- **Exercise details**:
Reproduce the listing below exactly, beginning with its first line and ending with the line that holds "Minister for Industries"; pictures are not part of the copy.

- **Given material**:

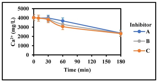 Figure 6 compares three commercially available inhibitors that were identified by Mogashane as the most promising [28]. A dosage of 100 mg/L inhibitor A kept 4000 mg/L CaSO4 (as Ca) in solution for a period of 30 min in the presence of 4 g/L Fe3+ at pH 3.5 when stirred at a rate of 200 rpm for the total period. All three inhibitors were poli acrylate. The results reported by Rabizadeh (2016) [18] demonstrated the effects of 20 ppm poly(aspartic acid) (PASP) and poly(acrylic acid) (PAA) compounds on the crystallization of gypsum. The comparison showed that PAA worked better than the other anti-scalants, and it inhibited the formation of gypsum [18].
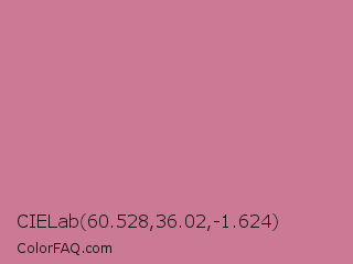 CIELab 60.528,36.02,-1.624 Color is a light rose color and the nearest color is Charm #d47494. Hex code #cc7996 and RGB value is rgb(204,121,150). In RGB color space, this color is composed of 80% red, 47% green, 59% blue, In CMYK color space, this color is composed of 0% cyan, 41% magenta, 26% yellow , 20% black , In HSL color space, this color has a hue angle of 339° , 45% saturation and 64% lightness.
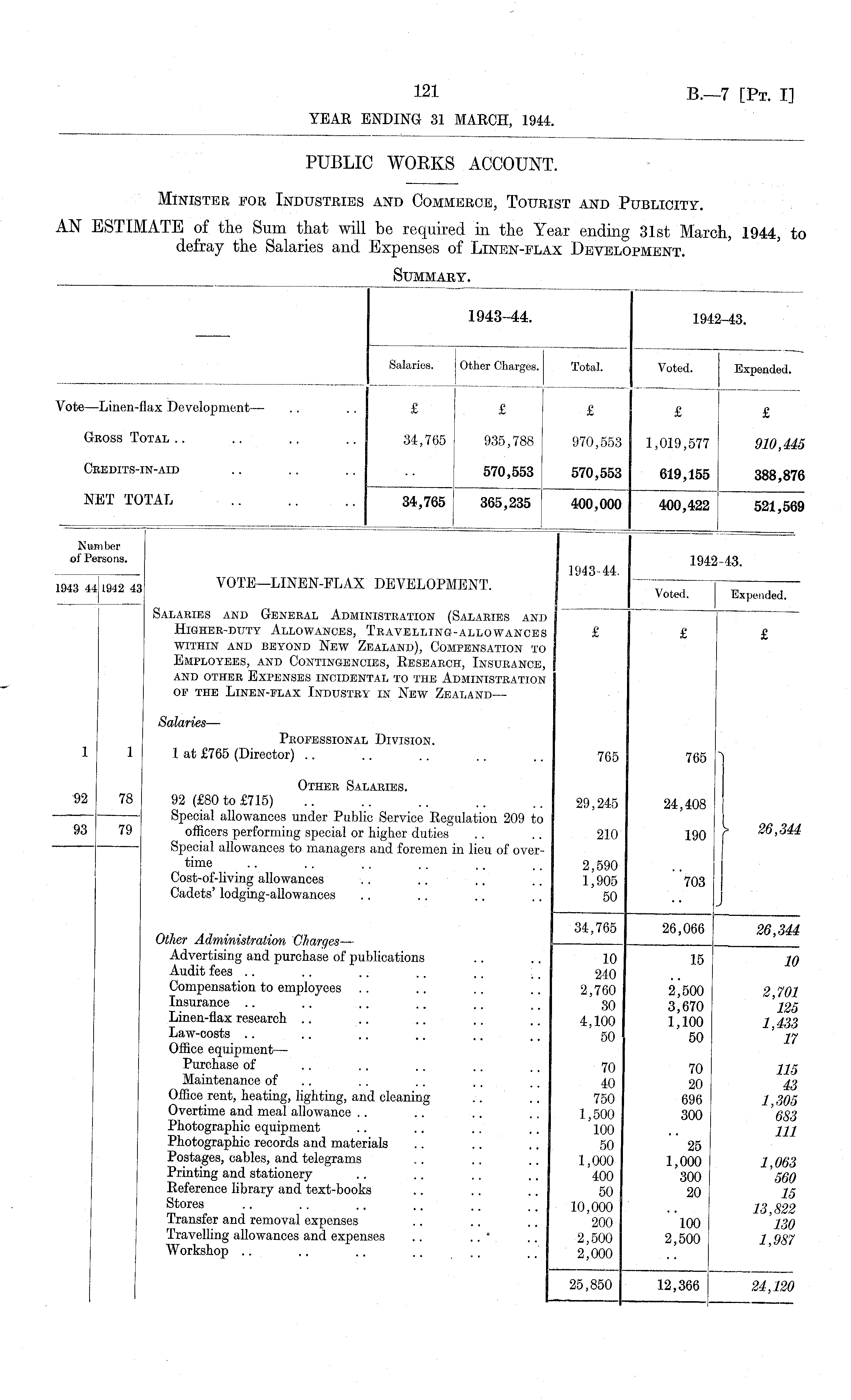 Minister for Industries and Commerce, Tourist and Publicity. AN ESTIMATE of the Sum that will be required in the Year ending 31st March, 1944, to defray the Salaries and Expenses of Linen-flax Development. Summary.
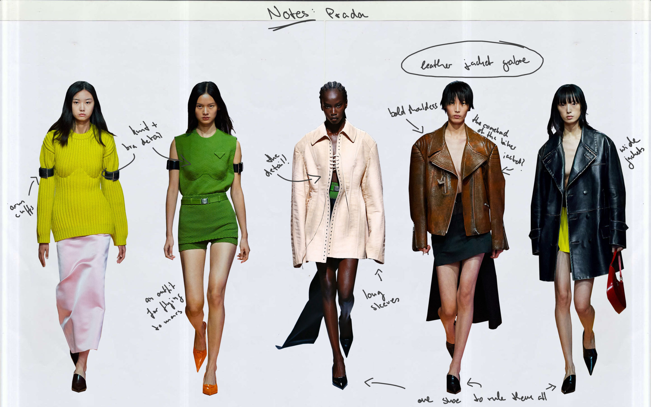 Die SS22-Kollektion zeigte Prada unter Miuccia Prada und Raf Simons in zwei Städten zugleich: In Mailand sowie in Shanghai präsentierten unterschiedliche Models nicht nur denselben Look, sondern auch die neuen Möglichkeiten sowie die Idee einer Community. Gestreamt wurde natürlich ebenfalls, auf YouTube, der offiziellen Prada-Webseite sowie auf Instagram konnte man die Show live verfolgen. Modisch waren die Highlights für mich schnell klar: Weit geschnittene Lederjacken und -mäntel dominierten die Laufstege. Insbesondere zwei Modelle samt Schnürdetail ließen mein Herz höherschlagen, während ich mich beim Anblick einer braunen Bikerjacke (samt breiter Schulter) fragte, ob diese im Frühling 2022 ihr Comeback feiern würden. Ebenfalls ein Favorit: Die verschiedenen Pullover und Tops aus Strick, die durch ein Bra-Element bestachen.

- **Response for this exercise**:
 Figure 6 compares three commercially available inhibitors that were identified by Mogashane as the most promising [28]. A dosage of 100 mg/L inhibitor A kept 4000 mg/L CaSO4 (as Ca) in solution for a period of 30 min in the presence of 4 g/L Fe3+ at pH 3.5 when stirred at a rate of 200 rpm for the total period. All three inhibitors were poli acrylate. The results reported by Rabizadeh (2016) [18] demonstrated the effects of 20 ppm poly(aspartic acid) (PASP) and poly(acrylic acid) (PAA) compounds on the crystallization of gypsum. The comparison showed that PAA worked better than the other anti-scalants, and it inhibited the formation of gypsum [18].
 CIELab 60.528,36.02,-1.624 Color is a light rose color and the nearest color is Charm #d47494. Hex code #cc7996 and RGB value is rgb(204,121,150). In RGB color space, this color is composed of 80% red, 47% green, 59% blue, In CMYK color space, this color is composed of 0% cyan, 41% magenta, 26% yellow , 20% black , In HSL color space, this color has a hue angle of 339° , 45% saturation and 64% lightness.
 Minister for Industries and Commerce, Tourist and Publicity. AN ESTIMATE of the Sum that will be required in the Year ending 31st March, 1944, to defray the Salaries and Expenses of Linen-flax Development. Summary.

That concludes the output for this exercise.